- _DATASET SECTION_
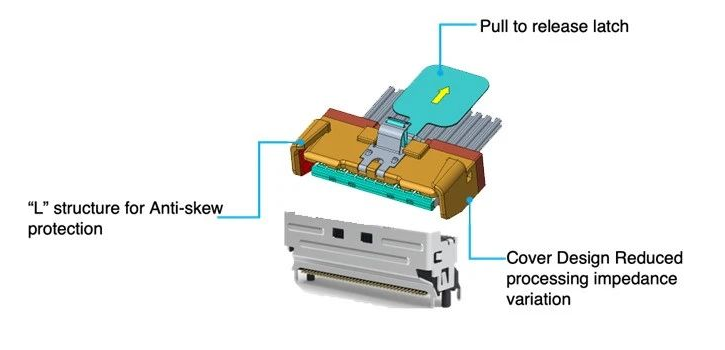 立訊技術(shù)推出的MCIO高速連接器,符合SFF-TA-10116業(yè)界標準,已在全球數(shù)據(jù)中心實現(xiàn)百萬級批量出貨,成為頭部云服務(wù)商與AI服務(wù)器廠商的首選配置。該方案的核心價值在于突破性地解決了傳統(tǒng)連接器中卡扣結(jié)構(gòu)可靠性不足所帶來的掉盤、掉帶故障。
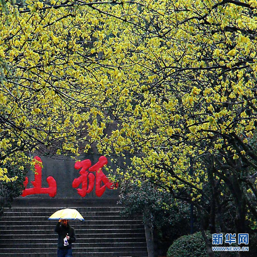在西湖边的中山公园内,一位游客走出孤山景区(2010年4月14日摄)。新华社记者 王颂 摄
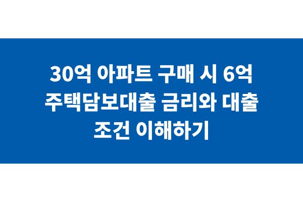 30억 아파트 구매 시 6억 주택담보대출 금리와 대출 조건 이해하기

- _TASK REQUIREMENTS_
An exact retyping of the material, minus the pictures, is the required answer.

- _TASK SOLUTION_
 立訊技術(shù)推出的MCIO高速連接器,符合SFF-TA-10116業(yè)界標準,已在全球數(shù)據(jù)中心實現(xiàn)百萬級批量出貨,成為頭部云服務(wù)商與AI服務(wù)器廠商的首選配置。該方案的核心價值在于突破性地解決了傳統(tǒng)連接器中卡扣結(jié)構(gòu)可靠性不足所帶來的掉盤、掉帶故障。
在西湖边的中山公园内,一位游客走出孤山景区(2010年4月14日摄)。新华社记者 王颂 摄
 30억 아파트 구매 시 6억 주택담보대출 금리와 대출 조건 이해하기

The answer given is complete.